• Task to carry out: Retype the line where "Thread Basting Diagram" appears and each line that follows it down to the last line of the records below. Leave the pictures out.

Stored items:
Content starts
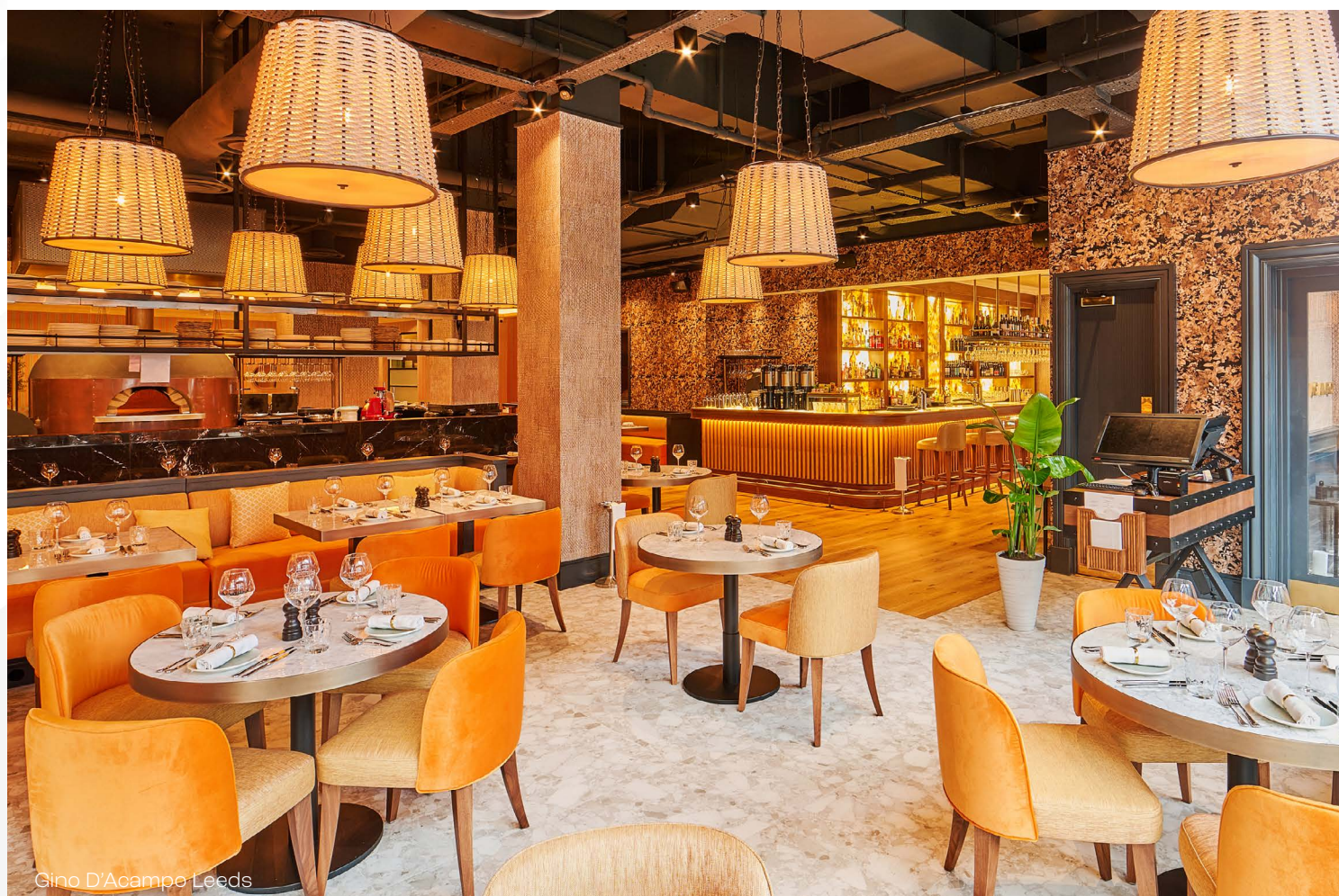
Gino D'Acampo Leeds
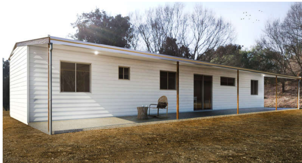
OPTION 3 GABLE ROOF WITH VERANDAH
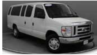
2011 FORD E-350 SUPER DUTY E-350 SUPER DUTY EXT XL $19,977 12642
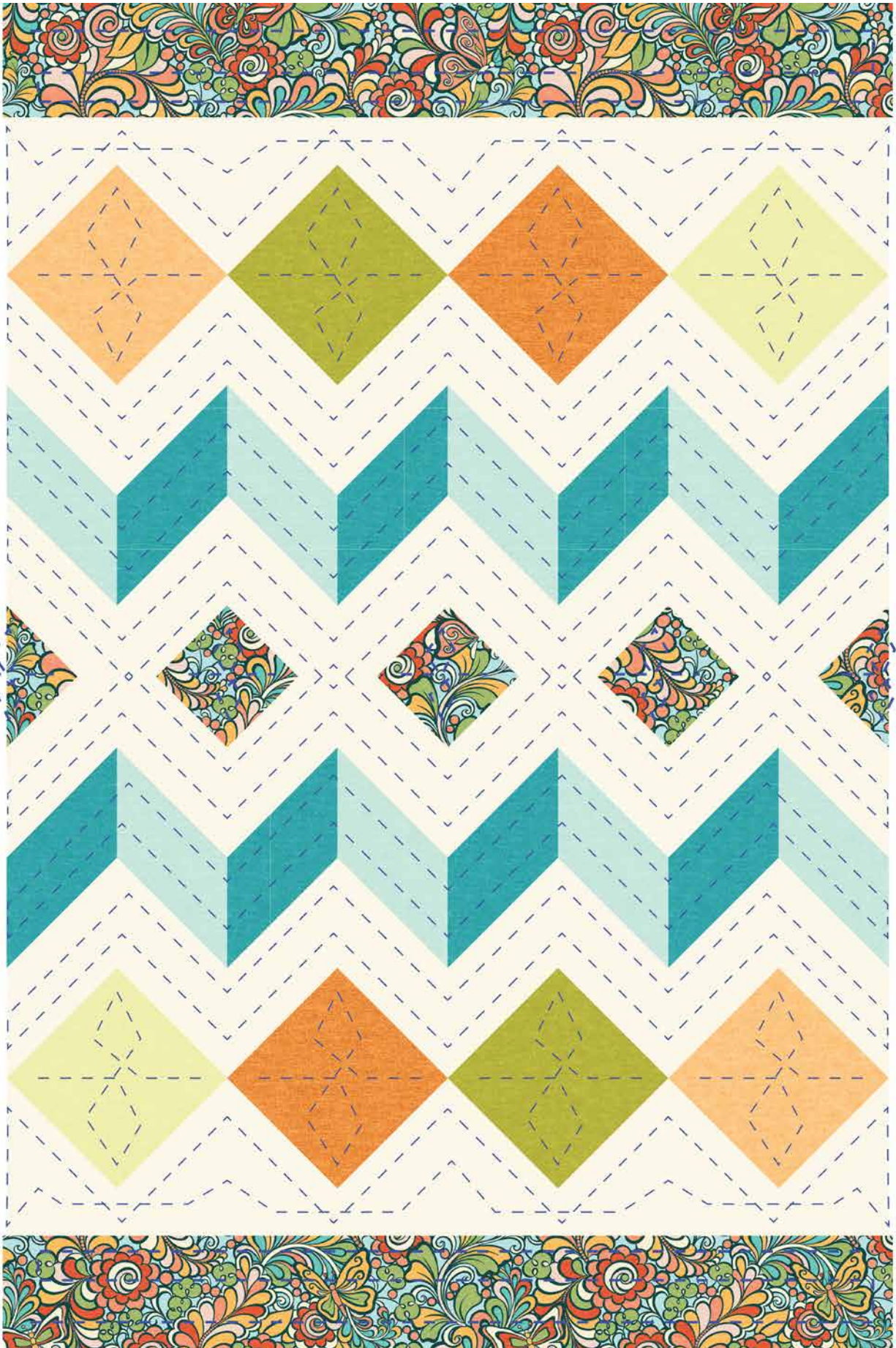
Thread Basting Diagram
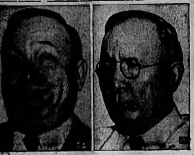
There is no mask to hide the features here of Ka Klux Klan's Imperial Wizard Hiram Wesley Evans. In the national limelight, he laughs, but quickly changes expression as his thoughts turn serious.
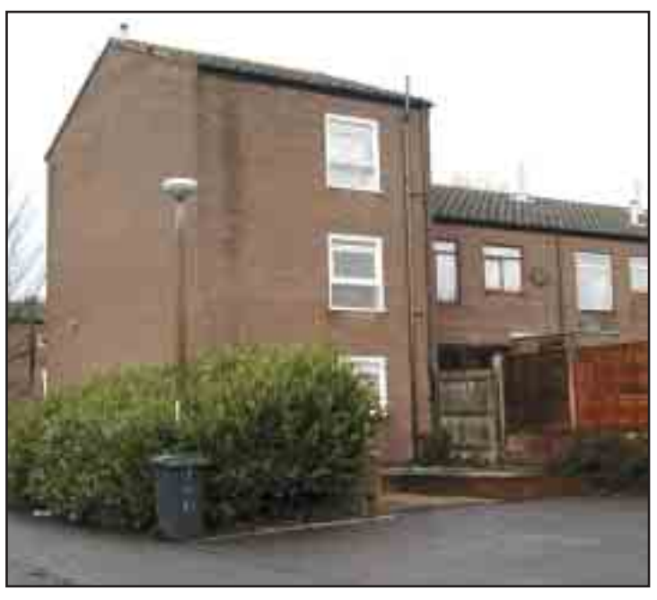
144 Caledonian, Glascote Heath, Tamworth, B77 2EH

DMI Finance, PO Box 3000 Calne, Wilts., SNII OXZ Tel: 01249 822 999 Fax: 01249 822 211
Content ends
• Written response:
Thread Basting Diagram
There is no mask to hide the features here of Ka Klux Klan's Imperial Wizard Hiram Wesley Evans. In the national limelight, he laughs, but quickly changes expression as his thoughts turn serious.
144 Caledonian, Glascote Heath, Tamworth, B77 2EH

DMI Finance, PO Box 3000 Calne, Wilts., SNII OXZ Tel: 01249 822 999 Fax: 01249 822 211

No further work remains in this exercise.